◆ **Exercise directions**
The output must contain exactly the lines from the top of the listing below through the line containing "Legendary jazz singer", and no pictures.

═══

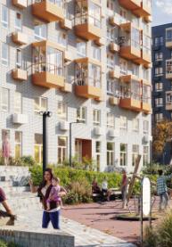 На первых этажах домов — кафе, магазины и полезные сервисы. Часто их открывают сами жители.
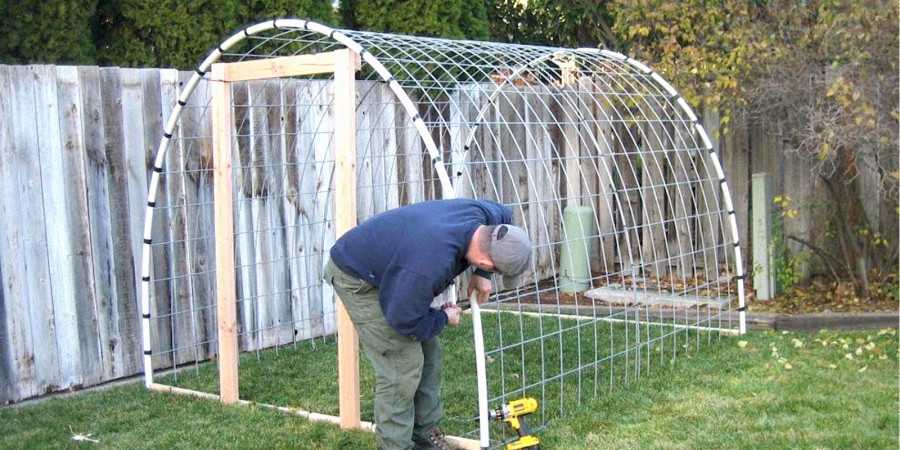 Наиболее простой и быстрый способ сделать шпалеру — приобрести готовую сетку из ПВХ в садоводческом магазине и закрепить ее на установленный каркас.
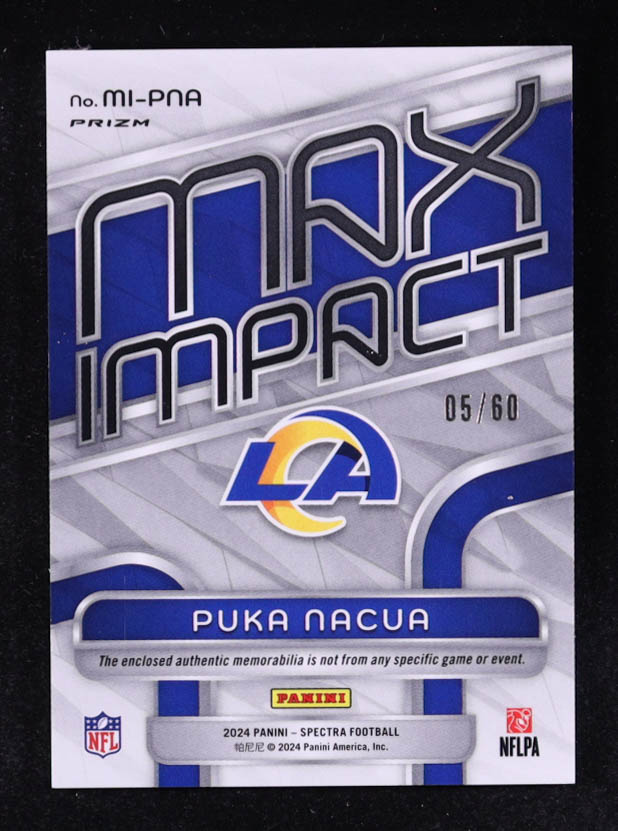 Puka Nacua 2024 Panini Spectra Max Impact Materials Neon Blue #13 #05/60
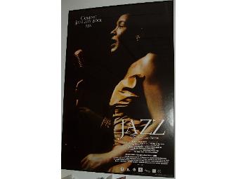 Legendary jazz singer Billie Holliday is depicted in this poster signed by filmaker Ken Burns for his 10 part PBS series "JAZZ", airing in 2001. This promotional poster of Billie Holliday is 26" x 39", contains some text, credits, airdate of the special and is signed by Ken Burns.
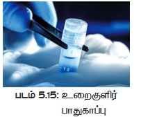 தீவிர குறைந்த வெப்பநிலையில் உயிர் பொருள்களின் ஏதேனும் ஒரு நொதியின் செயல்பாடு அல்லது வேதிய செயல்பாடுகள் முழுவதுமாக நின்றுவிடுகின்றன. இதன் விளைவாகப் பொருள்கள் உறக்க நிலையில் பதப்படுத்தப்படுகின்றன. பிறகு மற்ற பரிசோதனை பணிக்காக மெதுவாக அறை வெப்பநிலைக்குக் கொண்டு வரப்படுகின்றன. உறைகுளிர்பாதுகாப்பு செயல்முறைக்கு முன்பாகத் தாவரப் பொருள் தயாரித்தல் பாதுகாப்பு காரணிகளான டை மெத்தில் சல்ஃபாக்சைடு, கிளிசரால் அல்லது சுக்ரோஸ் ஆகியன சேர்க்கப்படுகின்றன. இத்தகைய பாதுகாப்பு காரணிகள் உறைகுளிர்பாதுகாப்பு செயல் பாதுகாப்பான்கள் என்று அழைக்கப்படுகின்றன. இந்த பாதுகாப்பு காரணிகள் தீவிர குளிர் விளைவுகளில் இருந்து செல்கள் அல்லது திசுக்களை பாதுகாக்கின்றன.
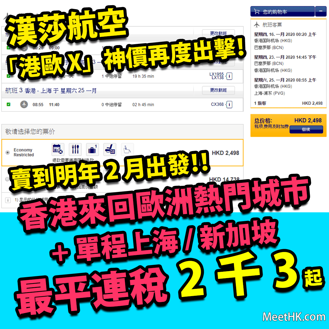 搶搶搶!「港歐X」神價再度出擊!最平連稅2千3起!來回歐洲+單程飛上海/新加坡!賣到明年2月出發!香港往返歐洲各地連稅只需$2,376起 – 漢莎航空
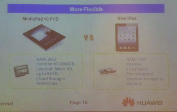 In de foto’s die Wood op Flickr geplaatst heeft wordt de MediaPad 10 FHD naast de nieuwe iPad (3) gehouden om de kwaliteit van het display en het zeer fraaie design te tonen. Het display heeft een resolutie van 1.920 bij 1.200 pixels en zou volgens Huawei dichtbij de kwaliteit van het Retina display moeten komen. Ook het design heeft veel weg van de iPad. Zo beschikt de tablet over een unibody design met een geborsteld aluminium afwerking. Verder wordt de tablet naast de iPad gelegd om het verschil in dikte, gewicht en de processor aan te tonen. Huawei zet de MediaPad 10 FHD dus absoluut in als direct concurrent van de iPad.

═══

◆ **Exercise answer**
 На первых этажах домов — кафе, магазины и полезные сервисы. Часто их открывают сами жители.
 Наиболее простой и быстрый способ сделать шпалеру — приобрести готовую сетку из ПВХ в садоводческом магазине и закрепить ее на установленный каркас.
 Puka Nacua 2024 Panini Spectra Max Impact Materials Neon Blue #13 #05/60
 Legendary jazz singer Billie Holliday is depicted in this poster signed by filmaker Ken Burns for his 10 part PBS series "JAZZ", airing in 2001. This promotional poster of Billie Holliday is 26" x 39", contains some text, credits, airdate of the special and is signed by Ken Burns.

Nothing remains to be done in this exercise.